→ **EXERCISE**
Task for the records below: repeat the line containing "Un chariot multi-activités" and every line after it, exactly and with nothing else, but leave out the pictures.

Source data
-*-

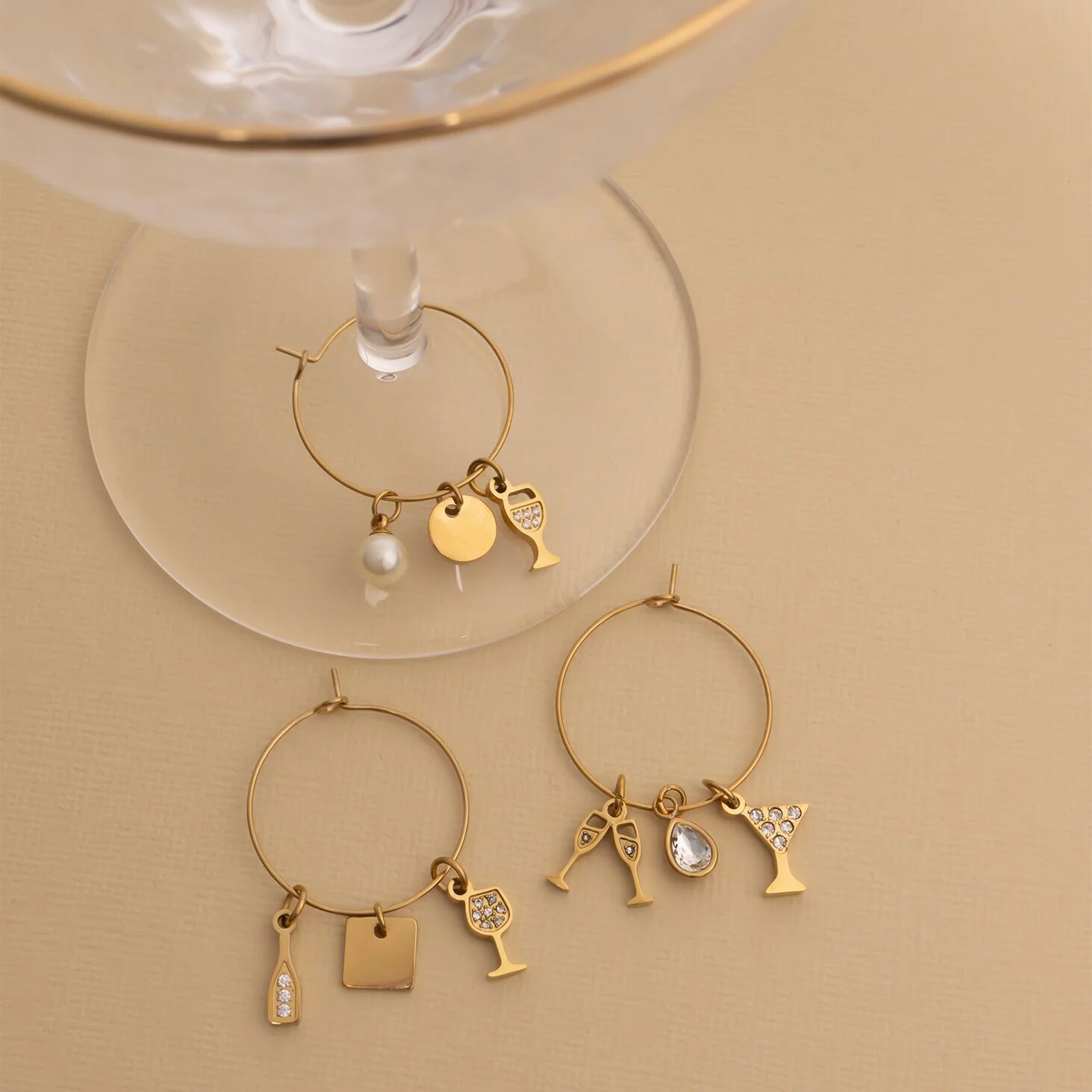 Entertain with intention using the 18K Gold PVD Stainless Steel Wine Charm Collection, a coordinated assortment designed to elevate every table setting. Crafted from premium stainless steel and finished in radiant 18K Gold PVD, each charm delivers long-lasting, tarnish-resistant shine built to withstand celebrations, dinner parties, and special occasions. Featuring a curated variety of distinctive motifs, this collection allows guests to easily identify their glasses while adding a refined decorative accent to entertaining spaces. Lightweight, hypoallergenic, and thoughtfully packaged, it offers both functional elegance and boutique-ready presentation.
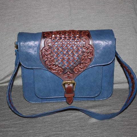 Håndlavet kernelæder tasker, med Håndlavet tooling og farvet I naver farve så det holder.
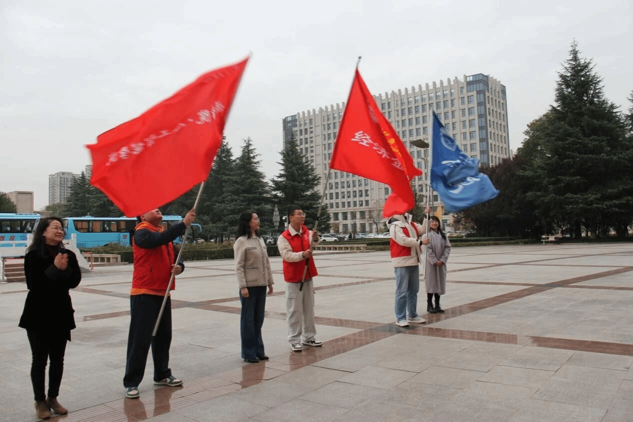 10日清晨,学工部副部长李佳、国际商学部各学院领导班子和教师代表在长安校区图书馆东门举行出征仪式。学工部副部长李佳在出征仪式上作动员讲话,经济金融学院党委书记邓雯、旅游学院·人工智能学院党委书记王丹、商学院副院长郭小瑜分别为学子代表授旗。旗帜的传递,象征着使命与责任的交付,也点燃了全体队员的出征豪情。
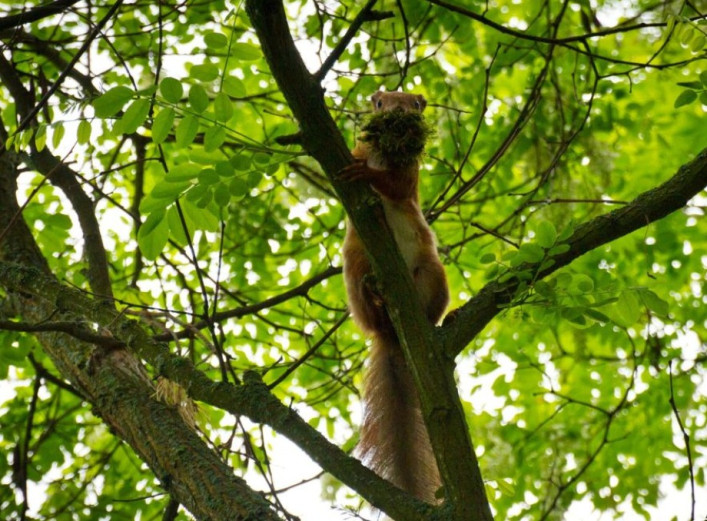 Чорнобильський Радіаційно-екологічний Біосферний Заповідник. Вивірка звичайна (Sciurus vulgaris), більш знана як білка, будує у лісі кулясті гнізда, які називаються гайнами. Вони розташовані високо на деревах між надійними
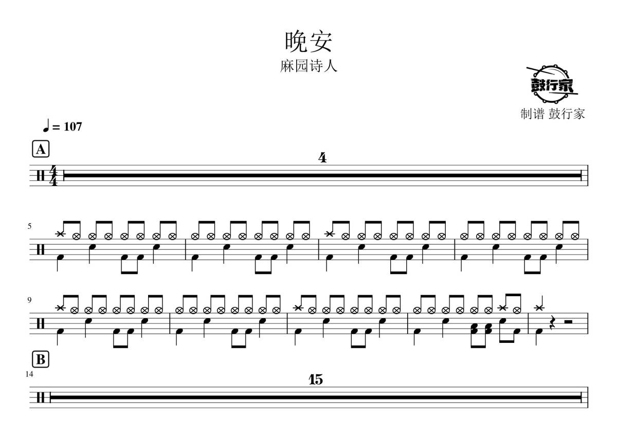 麻园诗人《晚安》鼓谱 - 架子鼓谱
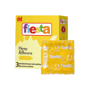 Fiesta Honey&Banana is banana flavoured with a touch of honey to give a sweet and tasteful all-round sensual experience. Fiesta is a premium condom brand that comes in 13 exciting variants of styles, colours, textures, flavors, shapes and sizes that increase the sensation for both partners.
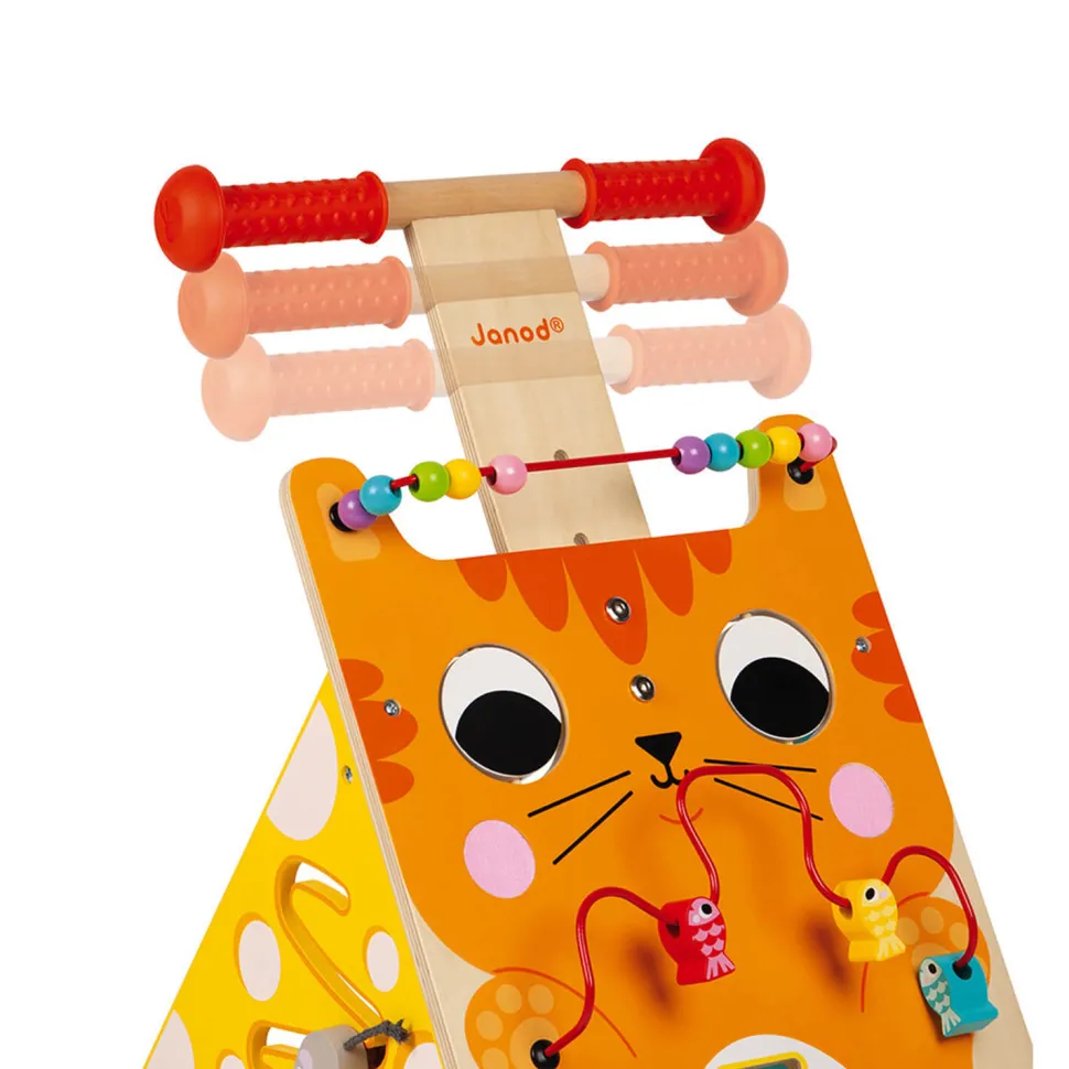 Un chariot multi-activités Janod avec un joli décor de chat très utile aux premiers pas de bébé !
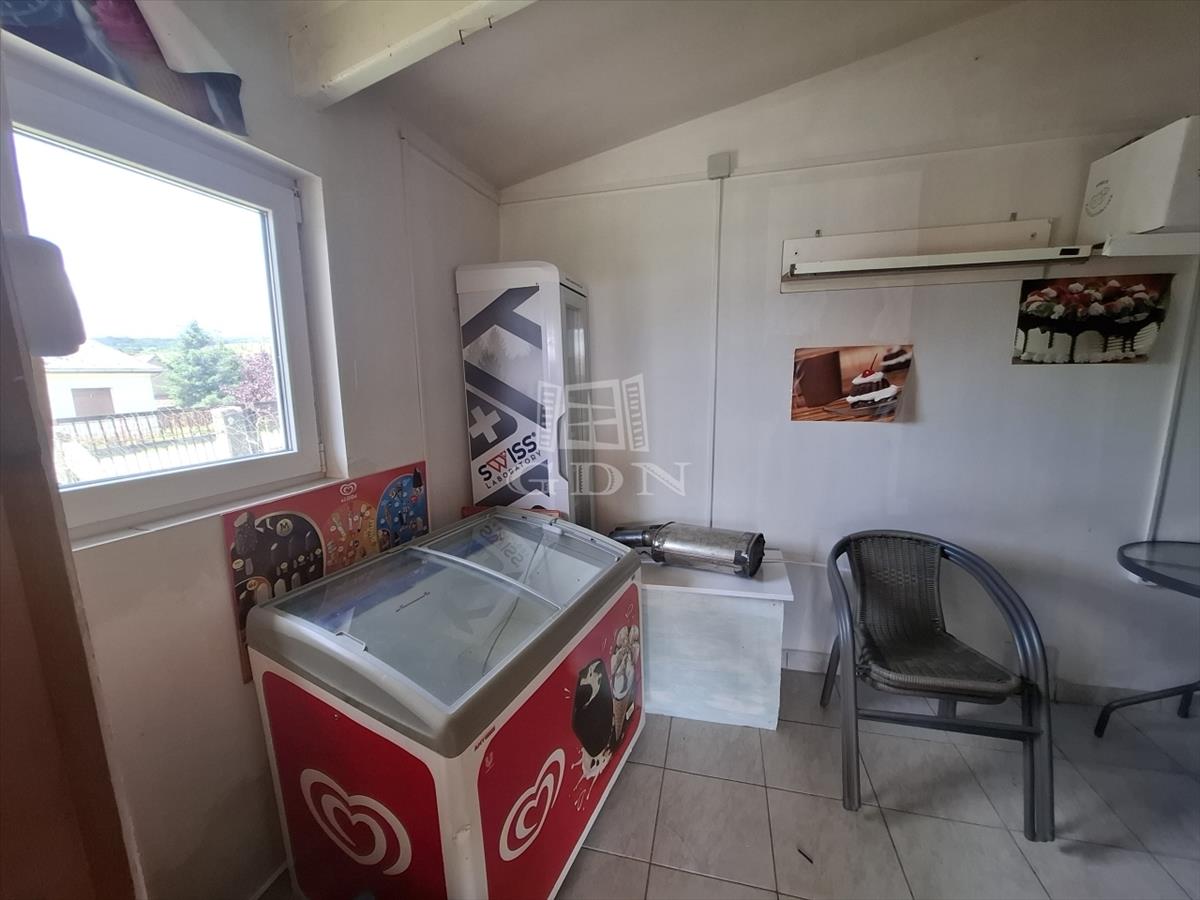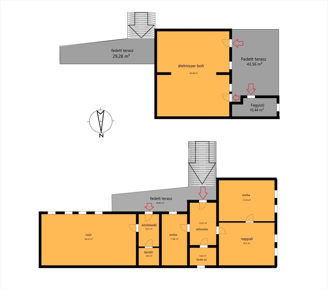 Az alsó szinten bolt (mely jelenlegi is üzemel), fagyizó és egy fedett terasz van. Az ingatlan így vállalkozásra is tökéltetesen megfelelő.

-*-

→ **ANSWER AREA**
 Un chariot multi-activités Janod avec un joli décor de chat très utile aux premiers pas de bébé !
 Az alsó szinten bolt (mely jelenlegi is üzemel), fagyizó és egy fedett terasz van. Az ingatlan így vállalkozásra is tökéltetesen megfelelő.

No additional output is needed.